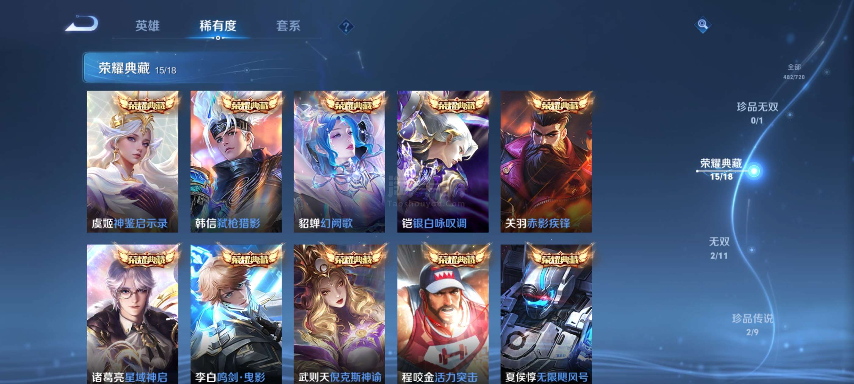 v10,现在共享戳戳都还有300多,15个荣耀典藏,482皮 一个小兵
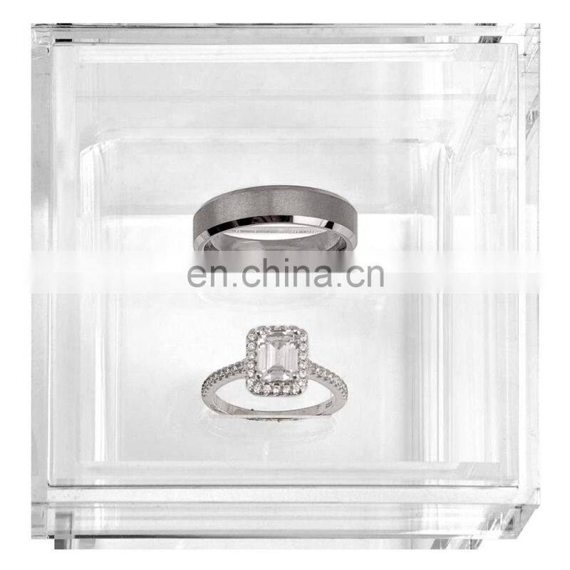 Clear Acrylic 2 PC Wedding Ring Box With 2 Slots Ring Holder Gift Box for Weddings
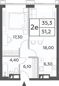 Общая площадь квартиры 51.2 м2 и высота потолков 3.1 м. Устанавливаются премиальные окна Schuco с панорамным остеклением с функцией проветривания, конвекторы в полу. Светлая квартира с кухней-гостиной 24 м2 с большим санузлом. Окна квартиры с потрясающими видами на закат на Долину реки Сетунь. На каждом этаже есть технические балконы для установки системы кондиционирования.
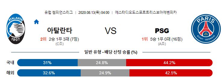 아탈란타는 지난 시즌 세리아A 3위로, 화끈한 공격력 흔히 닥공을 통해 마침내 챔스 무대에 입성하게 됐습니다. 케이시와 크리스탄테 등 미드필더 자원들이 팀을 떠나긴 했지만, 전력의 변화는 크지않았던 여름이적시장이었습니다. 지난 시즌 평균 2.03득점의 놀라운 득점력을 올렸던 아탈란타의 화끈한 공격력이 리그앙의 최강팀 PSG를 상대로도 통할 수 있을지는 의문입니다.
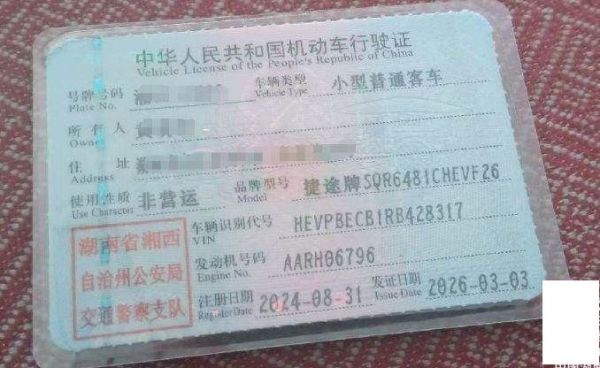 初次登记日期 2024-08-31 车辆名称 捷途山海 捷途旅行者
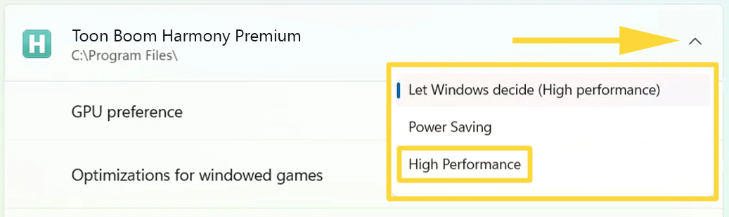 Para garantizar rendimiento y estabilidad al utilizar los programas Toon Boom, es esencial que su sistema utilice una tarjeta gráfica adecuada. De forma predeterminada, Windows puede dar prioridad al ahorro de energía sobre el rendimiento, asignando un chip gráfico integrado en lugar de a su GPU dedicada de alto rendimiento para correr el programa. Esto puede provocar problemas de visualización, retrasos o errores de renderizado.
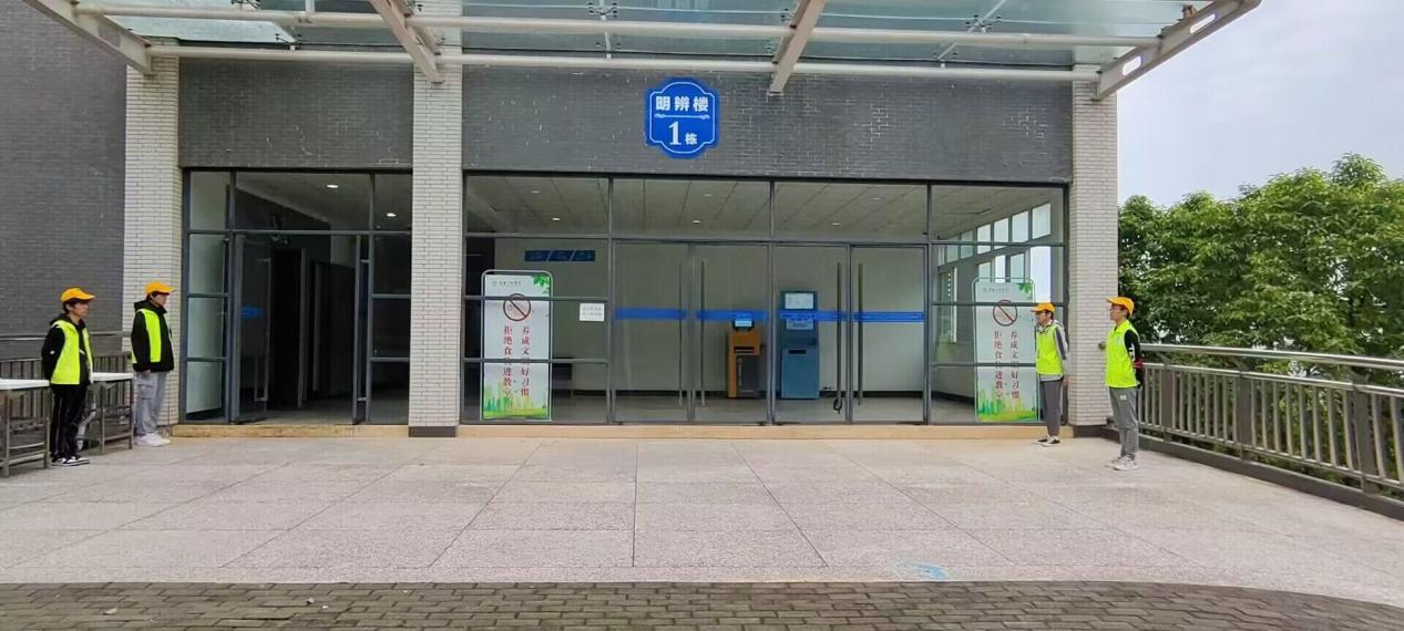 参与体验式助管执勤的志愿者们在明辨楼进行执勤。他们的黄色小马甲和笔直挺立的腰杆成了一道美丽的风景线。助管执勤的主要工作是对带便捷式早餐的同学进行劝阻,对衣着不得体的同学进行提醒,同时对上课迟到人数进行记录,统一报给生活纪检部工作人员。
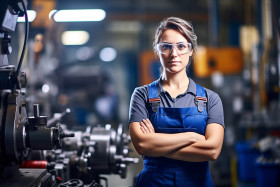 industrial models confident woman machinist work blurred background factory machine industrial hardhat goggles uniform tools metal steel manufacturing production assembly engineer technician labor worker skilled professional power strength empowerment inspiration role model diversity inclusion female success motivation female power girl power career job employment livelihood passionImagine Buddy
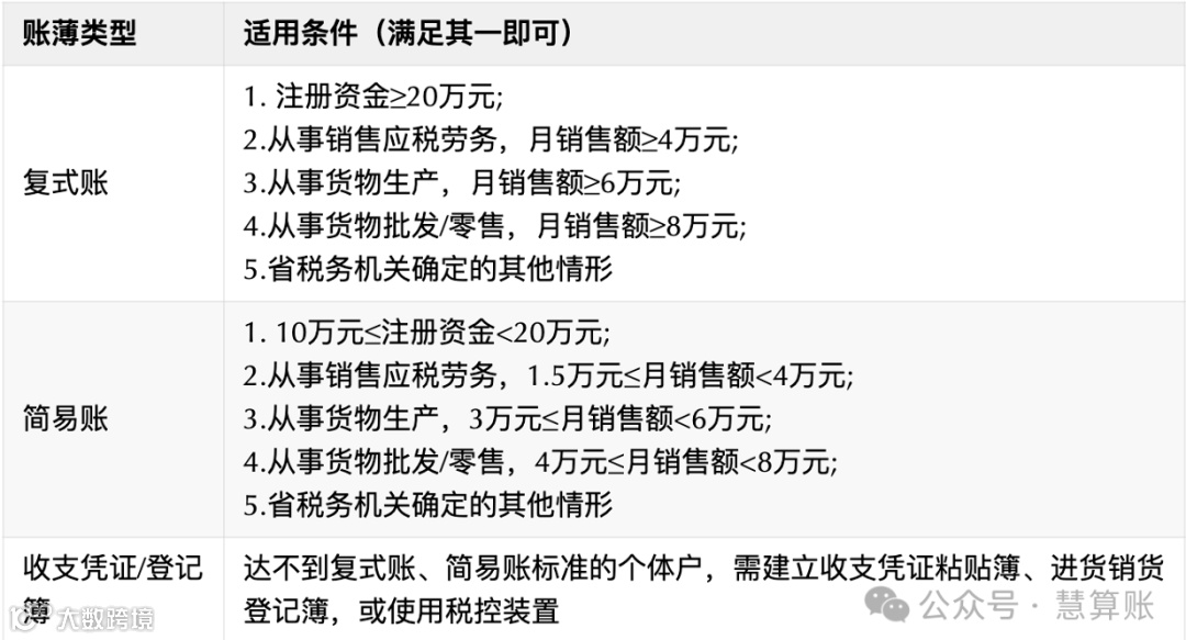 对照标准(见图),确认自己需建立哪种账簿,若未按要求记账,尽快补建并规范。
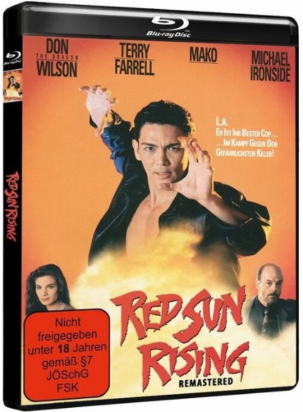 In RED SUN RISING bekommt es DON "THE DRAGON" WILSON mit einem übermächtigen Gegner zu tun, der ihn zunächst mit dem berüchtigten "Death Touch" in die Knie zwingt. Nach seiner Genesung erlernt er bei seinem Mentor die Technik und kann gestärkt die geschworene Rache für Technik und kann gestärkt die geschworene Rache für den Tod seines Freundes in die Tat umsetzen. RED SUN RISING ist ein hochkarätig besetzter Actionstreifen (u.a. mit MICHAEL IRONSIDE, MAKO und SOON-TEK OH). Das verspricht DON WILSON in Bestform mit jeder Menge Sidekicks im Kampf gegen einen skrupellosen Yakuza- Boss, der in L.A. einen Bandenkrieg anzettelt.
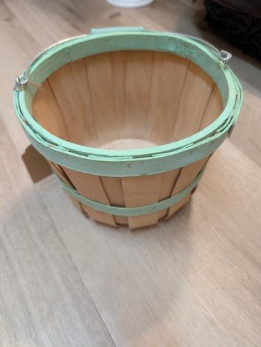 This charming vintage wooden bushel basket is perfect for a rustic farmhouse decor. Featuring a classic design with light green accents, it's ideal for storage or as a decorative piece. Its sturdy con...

- TASK
Your answer must be an exact copy of the lines from the start of the entries through the line with "Clear Acrylic 2", with no pictures.

- RESULT BELOW
 v10,现在共享戳戳都还有300多,15个荣耀典藏,482皮 一个小兵
 Clear Acrylic 2 PC Wedding Ring Box With 2 Slots Ring Holder Gift Box for Weddings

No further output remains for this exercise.